The problem you have is that R has created an ordered factor and the contrasts produced for an ordered factor a polynomial contrasts (.L is linear, .Q is quadratic, .C cubic and .^n is the n-th order polynomial. It may be better to define the month as a factor, set the first level to January and then fit the model.
If in an English locale, then we can use the month.name or month.abb constants as follows
set.seed(42)
dat <- data.frame(sales = rnorm(1000, mean = 1000, sd = 40),
dates = as.Date(seq(from = 14610, to = 15609),
origin = "1970-01-01"))
dat <- transform(dat, month = factor(format(dates, format = "%B"),
levels = month.name))
This gives
> head(dat)
sales dates month
1 1054.8383 2010-01-01 January
2 977.4121 2010-01-02 January
3 1014.5251 2010-01-03 January
4 1025.3145 2010-01-04 January
5 1016.1707 2010-01-05 January
6 995.7550 2010-01-06 January
> with(dat, levels(month))
[1] "January" "February" "March" "April" "May"
[6] "June" "July" "August" "September" "October"
[11] "November" "December"
Note the order of the levels is in a logical rather than alphabetical order.

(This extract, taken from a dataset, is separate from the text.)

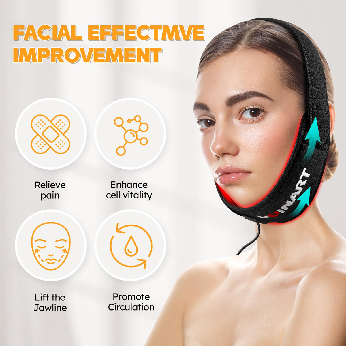 - Professional Infrared Red Light Therapy Chin Strap for Neck- 36pcs 660nm wavelengths red lights and 48pcs 850nm wavelengths near-infrared lights combo LED light therapy belt. As we all know, 660nm-red light is readily absorbed by surface tissues and cells to improve skin issues; 850nm-near infrared (NIR) light is invisible which penetrates into deeper tissues to enhanced recovery and aids in muscle performance and joint stiffness.
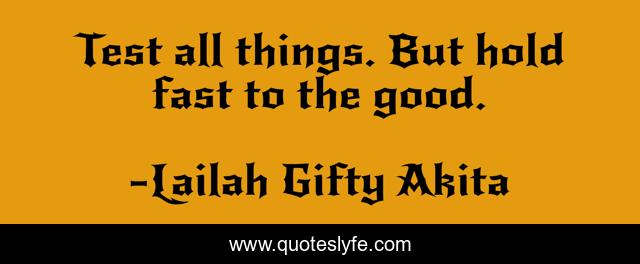 This page presents the quote "Test all things. But hold fast to the good.". Author of this quote is Lailah Gifty Akita. This quote is about proverbs, confidence, good, wise-sayings, motivational, optimistic, don-t-quit, positive, test,.

If you are in a none English locale then the output of "%B" will be the month names in your local language or convention. You will then need to provide the correct levels as a character vector to the levels argument in the code above.
This data set can then be used to fit the model and we get more meaningful coefficient names
> mod <- lm(sales ~ month, data = dat)
> summary(mod)
Call:
lm(formula = sales ~ month, data = dat)
Residuals:
Min 1Q Median 3Q Max
-140.333 -24.551 0.108 28.102 134.349
Coefficients:
Estimate Std. Error t value Pr(>|t|)
(Intercept) 1001.7034 4.1567 240.983 <2e-16 ***
monthFebruary -8.3618 6.0153 -1.390 0.165
monthMarch -0.5347 5.8785 -0.091 0.928
monthApril -7.5618 5.9273 -1.276 0.202
monthMay -2.2961 5.8785 -0.391 0.696
monthJune 3.5091 5.9273 0.592 0.554
monthJuly -4.9975 5.8785 -0.850 0.395
monthAugust -0.3558 5.8785 -0.061 0.952
monthSeptember 3.7597 5.9970 0.627 0.531
monthOctober -2.5948 6.5724 -0.395 0.693
monthNovember -10.5670 6.6378 -1.592 0.112
monthDecember -6.9064 6.5724 -1.051 0.294
---
Signif. codes: 0 ‘***’ 0.001 ‘**’ 0.01 ‘*’ 0.05 ‘.’ 0.1 ‘ ’ 1
Residual standard error: 40.09 on 988 degrees of freedom
Multiple R-squared: 0.01173, Adjusted R-squared: 0.0007317
F-statistic: 1.066 on 11 and 988 DF, p-value: 0.3854
In the above, note that January is the first level so its mean is the (Intercept) estimate and the other estimates are deviations from the January mean. An alternative parameterisation of the model is to suppress the intercept:
> mod2 <- lm(sales ~ month - 1, data = dat)
> summary(mod2)
Call:
lm(formula = sales ~ month - 1, data = dat)
Residuals:
Min 1Q Median 3Q Max
-140.333 -24.551 0.108 28.102 134.349
Coefficients:
Estimate Std. Error t value Pr(>|t|)
monthJanuary 1001.703 4.157 241.0 <2e-16 ***
monthFebruary 993.342 4.348 228.5 <2e-16 ***
monthMarch 1001.169 4.157 240.9 <2e-16 ***
monthApril 994.142 4.225 235.3 <2e-16 ***
monthMay 999.407 4.157 240.4 <2e-16 ***
monthJune 1005.213 4.225 237.9 <2e-16 ***
monthJuly 996.706 4.157 239.8 <2e-16 ***
monthAugust 1001.348 4.157 240.9 <2e-16 ***
monthSeptember 1005.463 4.323 232.6 <2e-16 ***
monthOctober 999.109 5.091 196.3 <2e-16 ***
monthNovember 991.136 5.175 191.5 <2e-16 ***
monthDecember 994.797 5.091 195.4 <2e-16 ***
---
Signif. codes: 0 ‘***’ 0.001 ‘**’ 0.01 ‘*’ 0.05 ‘.’ 0.1 ‘ ’ 1
Residual standard error: 40.09 on 988 degrees of freedom
Multiple R-squared: 0.9984, Adjusted R-squared: 0.9984
F-statistic: 5.175e+04 on 12 and 988 DF, p-value: < 2.2e-16
Now the Estimates are of the monthly means and the t-tests are of the hypothesis that the individual monthly means are zero (0).